Kanzlerkandidat ist empört:

Steinbrück wehrt sich gegen Erpresser-Brief

Wohl eine Einzelperson aus Bonn habe den anonymen Brief an seine Frau geschrieben, vermutet der Kanzlerkandidat der SPD. Er beklagt, dass die Belastungen für seine Familie weit über das Maß hinausgehen, das man üblicherweise im Wahlkampf akzeptieren muss.

In dem anonymen Schreiben wird Peer Steinbrück vorgeworfen, eine Putzfrau illegal beschäftigt zu haben. Der Politiker reagierte auf die Anschuldigungen empört.
Marc Tirl In dem anonymen Schreiben wird Peer Steinbrück vorgeworfen, eine Putzfrau illegal beschäftigt zu haben. Der Politiker reagierte auf die Anschuldigungen empört.

Der Kanzlerkandidat Peer Steinbrück (SPD) ist über den Erpressungsversuch empört, und der SPD-Chef wittert bereits einen politischen Hintergrund: „Ich hoffe sehr, dass die Verantwortlichen für diese Schmutzkampagne dingfest gemacht und vor Gericht gestellt werden“, sagt Sigmar Gabriel. Doch ob das anonyme Schreiben an Peer Steinbrück, in dem ihm illegale Beschäftigung einer philippinischen Putzfrau im Jahr 1999 vorgeworfen wurde, politisch oder persönlich motiviert ist, ist völlig offen.

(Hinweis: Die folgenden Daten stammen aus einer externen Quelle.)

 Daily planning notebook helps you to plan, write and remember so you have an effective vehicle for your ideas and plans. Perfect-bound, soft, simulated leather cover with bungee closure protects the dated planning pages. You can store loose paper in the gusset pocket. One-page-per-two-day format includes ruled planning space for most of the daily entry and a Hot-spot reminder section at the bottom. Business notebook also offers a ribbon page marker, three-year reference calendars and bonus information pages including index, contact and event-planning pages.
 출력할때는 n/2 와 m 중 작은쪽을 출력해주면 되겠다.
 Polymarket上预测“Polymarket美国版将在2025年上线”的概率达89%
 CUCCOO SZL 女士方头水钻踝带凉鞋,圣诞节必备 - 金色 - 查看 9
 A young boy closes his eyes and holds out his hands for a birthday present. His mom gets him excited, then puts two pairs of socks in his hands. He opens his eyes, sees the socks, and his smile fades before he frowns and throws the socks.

Der Kanzlerkandidat selbst vermutete am Sonntag, der Täter sei wahrscheinlich eine Einzelperson aus seinem Wohnumfeld in Bonn. Als Beleg für einen schmutziger werdenden Wahlkampf will er das Schreiben denn auch nicht werten: „Das hat erkennbar nichts mit dem Wahlkampf konkurrierender Partien zu tun.“

Bis zum 10. September solle der Kanzlerkandidat zurücktreten, hatte der Erpresser gefordert – andernfalls würde die damalige illegale Beschäftigung öffentlich gemacht. Der Kandidat ging seinerseits in die Offensive, erstattete Anzeige gegen Unbekannt. Die Staatsanwaltschaft Bonn ermittelt. Der Brief war am 30. August in einem Briefzentrum bei Bonn abgestempelt und an das dortige Amos-Comenius-Gymnasium geschickt worden, wo Steinbrücks Frau Gertrud unterrichtet hatte, bis sie Anfang August in Pension ging. Am vergangenen Mittwoch wurde der Brief von der Schule ungeöffnet an die Privatadresse der Steinbrücks weitergeleitet. Die ließen die Polizei informieren.

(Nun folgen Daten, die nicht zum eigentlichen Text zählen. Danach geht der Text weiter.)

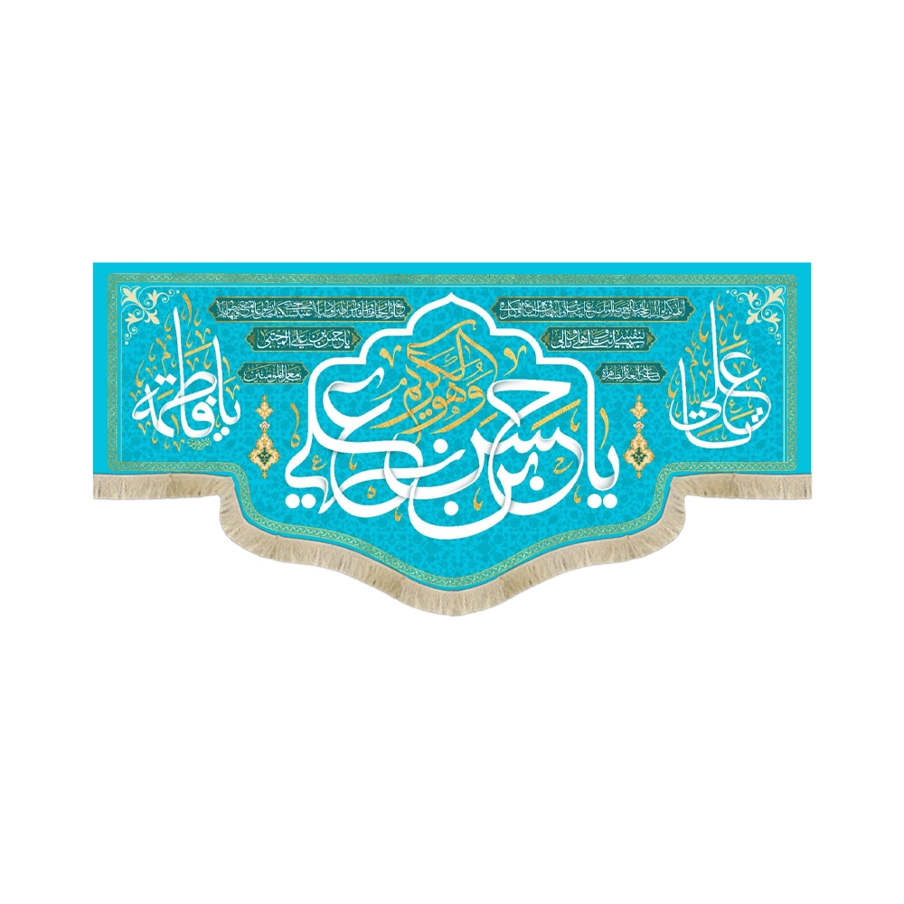 کتیبه مخمل یا حسن بن علی کناره ها یا فاطمه و یا علی زمینه آبی
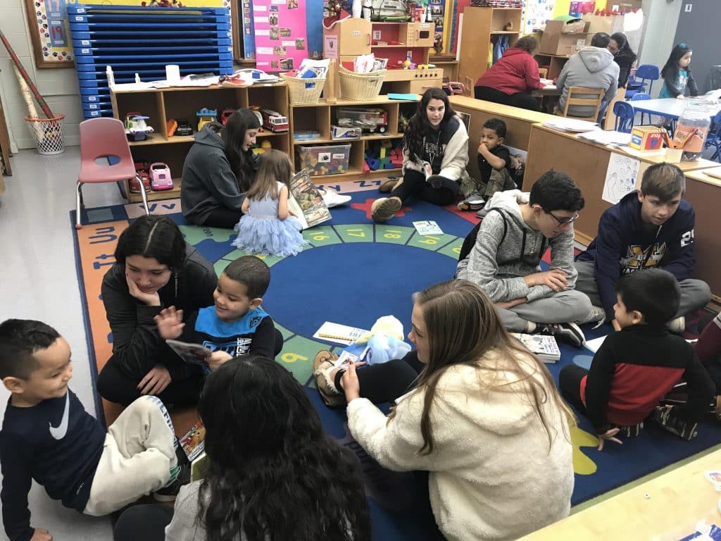 Photo caption: After delivering pajamas and books to children at the Amityville Head Start program, students in the Helping Hands club at Massapequa High School’s Ames Campus read to the preschool age children.
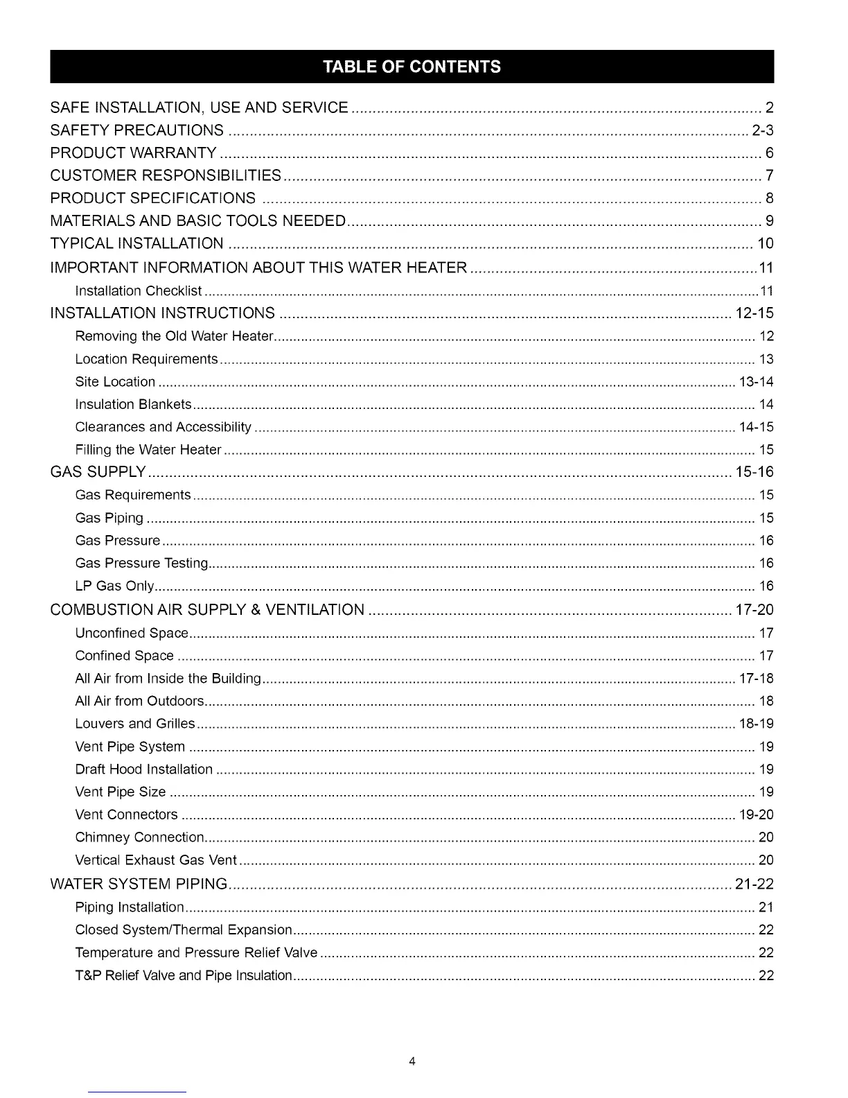 IMPORTANT INFORMATION ABOUT THIS WATER HEATER .................................................................... 11

Haushaltshilfe hat Arbeitsvertrag abgelehnt

Die Putzfrau hatte 1999 nach Darstellung von Steinbrücks Frau ein halbes Jahr im Haushalt gearbeitet. Ihre ebenfalls in Bonn lebende Mutter habe ihr nach dem Umzug von Kiel an den Rhein als Einzugs-Geschenk gemacht, „dass ihre Putzhilfe für ein halbes Jahr einmal in der Woche bei uns saubermachen sollte“. Sie habe die Putzhilfe bezahlt und dies dann mit ihrer Mutter verrechnet.

Nach Ablauf des halben Jahres habe sie der Frau einen Arbeitsvertrag angeboten. Die habe abgelehnt, weil ihr Mann, der an der philippinischen Botschaft beschäftigt worden war, seinen Job im Zuge des Berlinumzugs verloren unddie Familie den Aufenthalts-status verloren habe.

Sie habe nur schwarzarbeiten können, aber wegen ihrer sehbehinderten Tochter in Deutschland bleiben wollen. „Das hat mich tief berührt. Dennoch habe ich ihr sagen müssen, dass ich sie natürlich nicht schwarz beschäftigen könne. Als Trost habe ich ihr 500 DM geschenkt“, so Steinbrücks Frau. Sie sei sicher, das Richtige getan zu haben. Es sei „infam“, dass ihr Mann 14 Jahre später damit erpresst werden solle.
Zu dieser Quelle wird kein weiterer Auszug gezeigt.